FDA-approved bioidentical hormones are the first-line standard. Compounded hormones lack FDA approval for safety and efficacy but may be appropriate when a patient needs a dose or formulation not commercially available. The Menopause Society recommends FDA-approved products when available and notes that compounded hormone risks are not fully characterized.

References

  1. Menopause Society (formerly NAMS). The 2023 Menopause Society Hormone Therapy Position Statement. Menopause. 2023.
  2. Davis SR, Baber R, Panay N, et al. Global Consensus Position Statement on the Use of Testosterone Therapy for Women. J Clin Endocrinol Metab. 2019;104(10):4660-4666.
  3. Shah SM, Carey IM, Harris T, et al. Transdermal oestrogen and risk of venous thromboembolism. Cochrane Database Syst Rev. 2017.
  4. FDA. FDA Approves Veozah (fezolinetant) for Vasomotor Symptoms. May 2023.
  5. FDA. Ospemifene (Osphena) Prescribing Information. 2013.
  6. ACOG Committee Opinion No. 806. Hormone Therapy in Primary Ovarian Insufficiency. 2020.
  7. ACOG Practice Bulletin No. 141. Management of Menopausal Symptoms. 2014.
  8. Loprinzi CL, Sloan J, Stearns V, et al. Newer antidepressants and gabapentin for hot flashes. J Clin Oncol. 2009;27(17):2831-2837.
  9. Guttuso T Jr, Kurlan R, McDermott MP, Kieburtz K. Gabapentin's effects on hot flashes in postmenopausal women. Obstet Gynecol. 2003;101(2):337-345.
  10. Avis NE, Crawford SL, Greendale G, et al. Duration of menopausal vasomotor symptoms over the menopause transition (SWAN). JAMA Intern Med. 2015;175(4):531-539.
  11. Espeland MA, Rapp SR, Shumaker SA, et al. Long-term effects of conjugated equine estrogen on cognition. Ann Neurol. 2017;82(3):374-384.
  12. Depypere H, Inki P. Efficacy and safety of transdermal 17-beta estradiol for menopausal symptoms. BMJ Open. 2019.

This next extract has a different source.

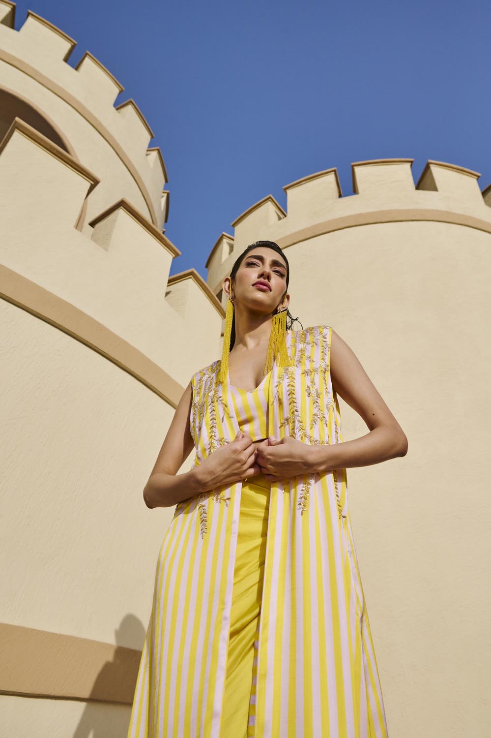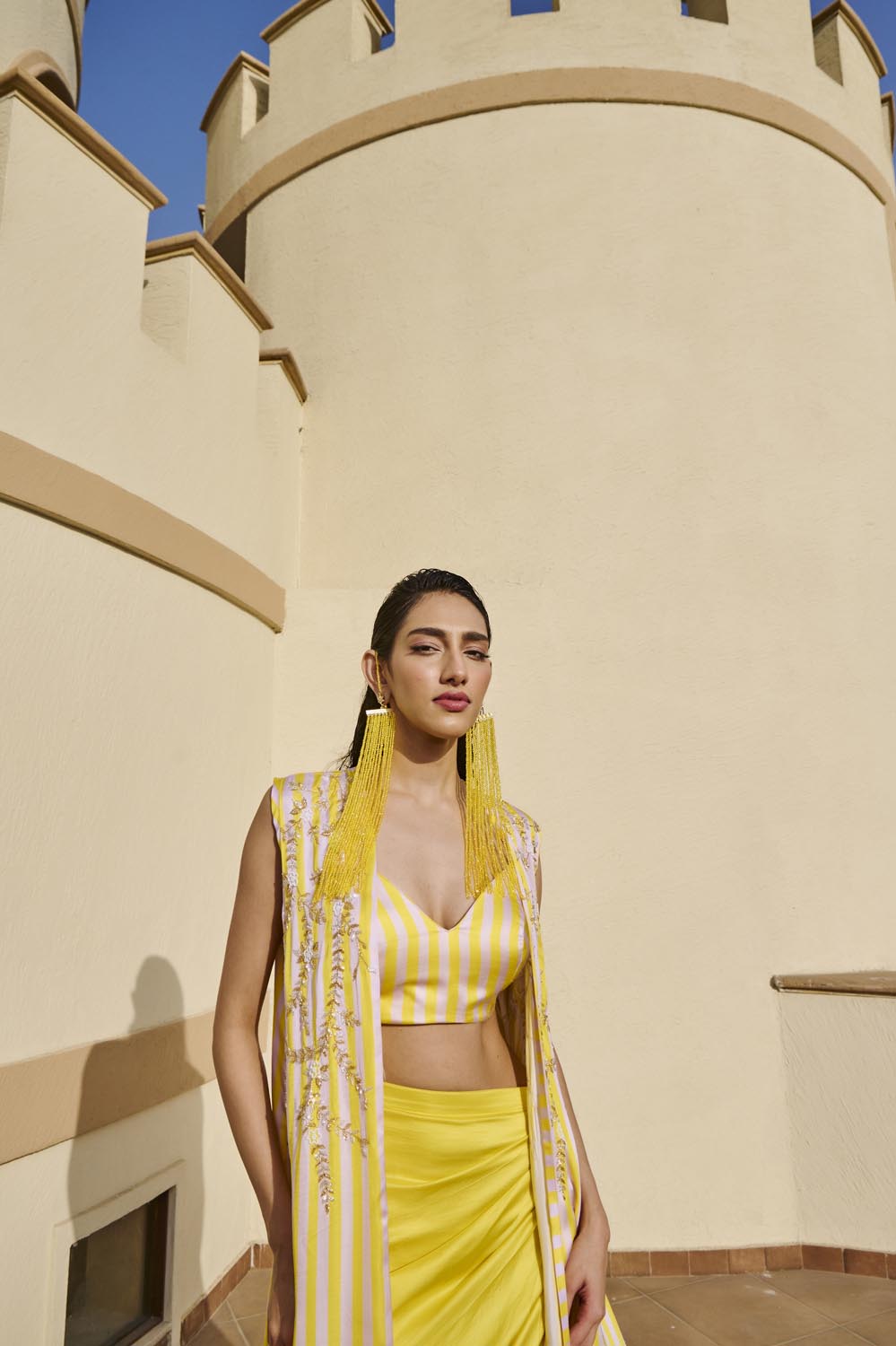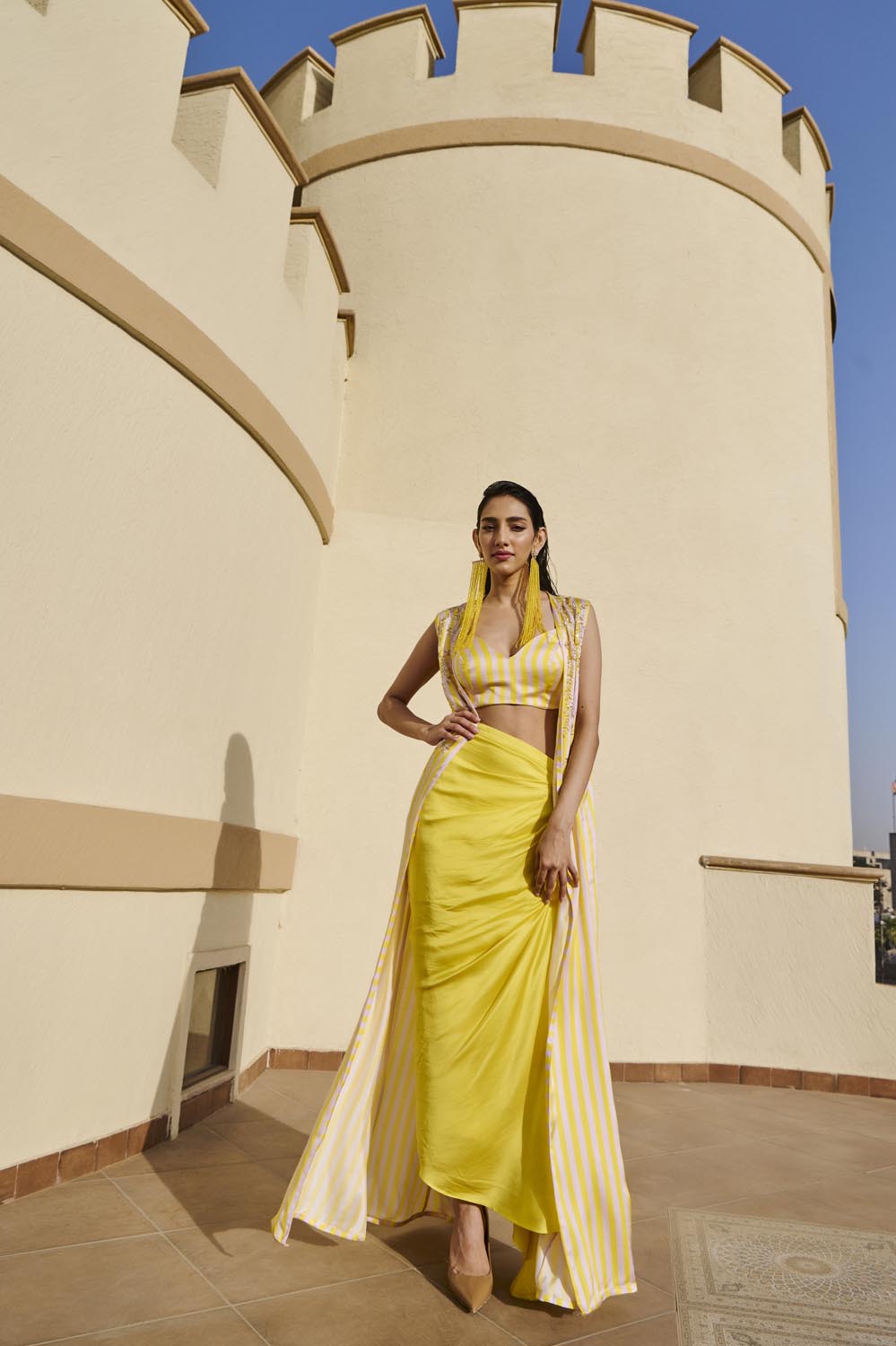 Yellow striped printed jacket with embroidery on the shoulder paired with raw satin striped bustier and draped skirt.

  13. Bhasin S, Cunningham GR, Hayes FJ, et al. Testosterone Therapy in Men with Androgen Deficiency Syndromes: An Endocrine Society Clinical Practice Guideline. J Clin Endocrinol Metab. 2010;95(6):2536-2559.
  14. Kaunitz AM, Kapoor E, Faubion S. Treatment of women after bilateral salpingo-oophorectomy performed prior to natural menopause. Menopause. 2021.
  15. Portman DJ, Goldstein SR, Kagan R. Treatment of moderate to severe dyspareunia with intravaginal prasterone therapy. Menopause. 2022.